Well, I don't want to ruin anyone's day, but there is a timing issue that we face. If I don't want to end up being totally crippled and unable to feed or wash or dress myself, bed-ridden for years, then I consider that I would have to commit suicide before becoming too incompetent to commit suicide. And when is that point in time? If I wait too long, I may not have the presence of mind and the physical ability to do it. If I go too soon, it would be just my luck that they announce the cure the next day, and all the businessmen at my funeral would be joking, saying "He always said that timing is everything...hahaha!)
But thinking about death, natural or self-inflicted, happens to just about anybody with a downward spiraling not-fixable disease. And having thought about it, I put on the Blues real loud and drive those blues away. Let's do some living while we can. But I am still in the early to mid stages of the disease, so it is easy for me to talk.

parkinson illness

There were just over 100 patients followed for 8 years and only 2 suicides. With such a small sample the chance of error is high.

Rachel Tortolini

Should we not distinguish between suicide and euthanasia? Suicide carries with it a lot of culturally negative baggage that should not enter into such studies. After all, choosing life over suicide might be just prolonging a painful death in reality. I like to think of euthanasia self-inflicted as a choice to go when I have the ability. To rationally get my affairs in order, be with friends and take the final exit before I am no longer able to take care of these thing myself seems eminently preferrable. This is planned not a sudden off the cuff (condemned) suicide. So please let us have clarity over choice of words.
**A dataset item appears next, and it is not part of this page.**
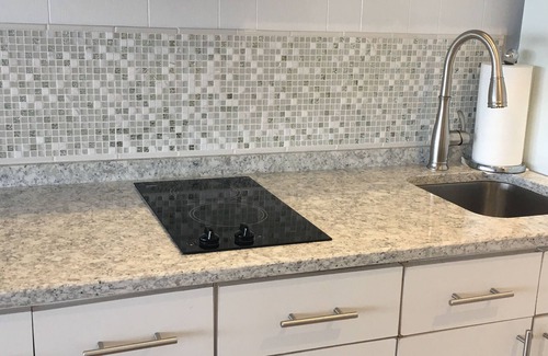 - Kitchenette: Full sized refrigerator, two-burner cooktop, microwave, sink, under-counter storage. Fully stocked with cookware, utensils, dishes, glasses (incl. wine), corkscrew/can opener, knives, spatula, etc. Coffee: Keurig and drip machine. (No oven or dishwasher.)

For those nearing the final exit this is not suicide.

Susan

Comtemplating self-directed euthanasia before this hateful disease can rob us of our independence and dignity does not mean that we "don't want to live anymore." The exact opposite is true for me. I love and revere my life but I feel like I am standing on the train track with my foot stuck in the rails, and late-stage Parkinson's is the train whistling in the distance! There is nowhere to run but to oblivion. I cannot reconcile these options in my head (Invalid or death) so my mind runs like a mouse in a maze looking for a way out. Please, give me door number three and I'll gladly choose it! I am only fifty years old! I have a job I love, a husband I adore and the sweetest son in the world. I have family and friends and dreams and want to believe that my disease will progress slowly and buy me precious time, but I can tell you one thing, there is no way I am going to allow my family to be made bankrupt by medical bills, or be responsible for what's left of me when Parkinson's has ravaged my body, mind and spirit. So...door number three, anybody?